BEGIN

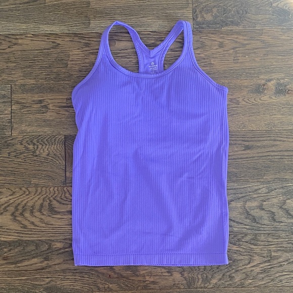 Brighten your look with this radiant purple tank. Features a ribbed texture and racerback style. Ideal for layering or wearing alone. This tank top by attraco is designed with a fitted silhouette that enhances your shape. The sleeveless style and scoop neckline provide a classic and comfortable fit, perfect for both casual and athletic occasions. Made from a stretchy fabric, it ensures ease of movement and a flattering look. Ribbed material with built in bra and removeable cups. I love these tanks. They normally run on the small size so I usually size up. This one fit true to size and was too big. Smoke free home. No stains or tears. Only worn a couple times.
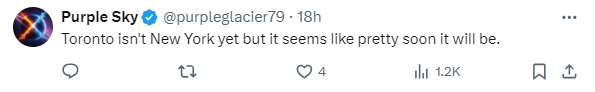 “虽然多伦多还不是纽约,但感觉很快就会成为纽约了!”
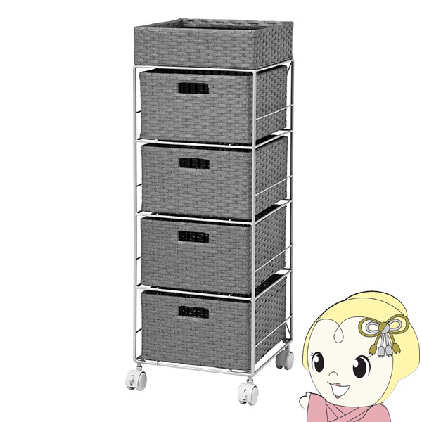商品コード:RAN-2410WHラック 棚 隙間 すき間 おしゃれ ラタン風 キャスター 引き出し かご バスケットラック シンプル スリム 簡単組立 幅20cm グレー【送料無料(北海道・沖縄・離島除く)】
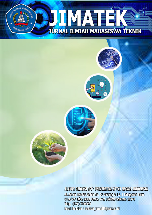 Jurnal Ilmiah Mahasiswa Teknik adalah Jurnal informasi yang menyajikan tentang pengetahuan dan informasi disegala bidang penelitian atau aplikasi penelitian dari skripsi mahasiswa dan pengembangan terkini yang berhubungan dengan bidang Teknologi Informasi, baik dari Teknik Informatika, Sistem Informasi, Manajemen dan Teknik Lingkungan yang ada di Universitas Satya Negara Indonesia. Jurnal Ilmiah Mahasiswa Teknik (JIMATEK) merupakan sarana publikasi dan ajang berbagi karya riset dan pengembangan ilmu pengetahuan bagi mahasiswa di Fakultas Teknik Universitas Satya Negara Indonesia (USNI). Pemuatan artikel di Jurnal ini dapat dikirim ke alamat Penerbit yang tercantum pada laman website OJS ini.
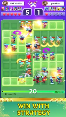 Form a team of four and strategically position your heroes to clash against rival teams. With thousands of hero combinations available, the possibilities for strategy are endless. Only one team can claim victory, so lead your squad to success and earn rewards based on your final rank. Teamwork and strategy are key to overcoming your opponents!
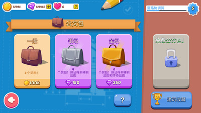 当你累计到10-20个公文包的时候,你就点击抽取公文包里面的物品,这样你就会得到相应的金币,爱心,图纸,以及少量的钻石(钻石没一点用,个人体悟,可能我还没有玩到最后)。
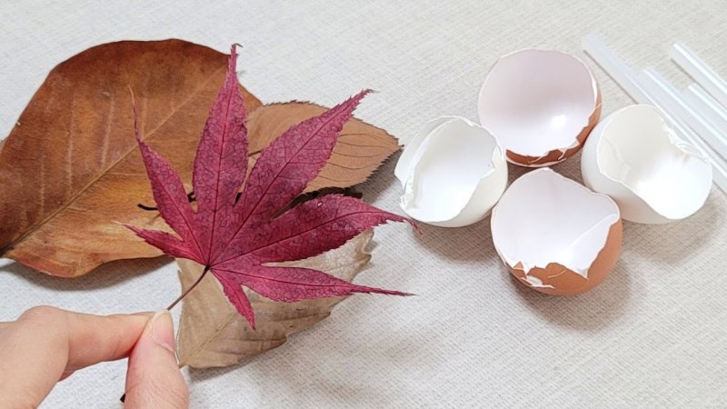 آموزش ساخت کاردستی تزیینی خیلی قشنگ با استفاده از برگ درختان و پوسته تخم مرغ.
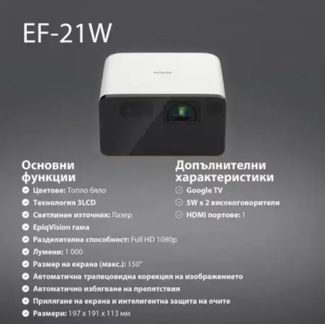 | Други | Google TV, Automatic keystone correction, Built-in speaker, Chromecast, Google search, Horizontal and vertical keystone correction, Instant on/off, Quick Corner; 2D Colour Modes: Dynamic, Natural, Cinema, Vivid |

END

Problem to solve: Pictures should be left out when the records above are restated exactly.

Response box:
 Brighten your look with this radiant purple tank. Features a ribbed texture and racerback style. Ideal for layering or wearing alone. This tank top by attraco is designed with a fitted silhouette that enhances your shape. The sleeveless style and scoop neckline provide a classic and comfortable fit, perfect for both casual and athletic occasions. Made from a stretchy fabric, it ensures ease of movement and a flattering look. Ribbed material with built in bra and removeable cups. I love these tanks. They normally run on the small size so I usually size up. This one fit true to size and was too big. Smoke free home. No stains or tears. Only worn a couple times.
 “虽然多伦多还不是纽约,但感觉很快就会成为纽约了!”
商品コード:RAN-2410WHラック 棚 隙間 すき間 おしゃれ ラタン風 キャスター 引き出し かご バスケットラック シンプル スリム 簡単組立 幅20cm グレー【送料無料(北海道・沖縄・離島除く)】
 Jurnal Ilmiah Mahasiswa Teknik adalah Jurnal informasi yang menyajikan tentang pengetahuan dan informasi disegala bidang penelitian atau aplikasi penelitian dari skripsi mahasiswa dan pengembangan terkini yang berhubungan dengan bidang Teknologi Informasi, baik dari Teknik Informatika, Sistem Informasi, Manajemen dan Teknik Lingkungan yang ada di Universitas Satya Negara Indonesia. Jurnal Ilmiah Mahasiswa Teknik (JIMATEK) merupakan sarana publikasi dan ajang berbagi karya riset dan pengembangan ilmu pengetahuan bagi mahasiswa di Fakultas Teknik Universitas Satya Negara Indonesia (USNI). Pemuatan artikel di Jurnal ini dapat dikirim ke alamat Penerbit yang tercantum pada laman website OJS ini.
 Form a team of four and strategically position your heroes to clash against rival teams. With thousands of hero combinations available, the possibilities for strategy are endless. Only one team can claim victory, so lead your squad to success and earn rewards based on your final rank. Teamwork and strategy are key to overcoming your opponents!
 当你累计到10-20个公文包的时候,你就点击抽取公文包里面的物品,这样你就会得到相应的金币,爱心,图纸,以及少量的钻石(钻石没一点用,个人体悟,可能我还没有玩到最后)。
 آموزش ساخت کاردستی تزیینی خیلی قشنگ با استفاده از برگ درختان و پوسته تخم مرغ.
 | Други | Google TV, Automatic keystone correction, Built-in speaker, Chromecast, Google search, Horizontal and vertical keystone correction, Instant on/off, Quick Corner; 2D Colour Modes: Dynamic, Natural, Cinema, Vivid |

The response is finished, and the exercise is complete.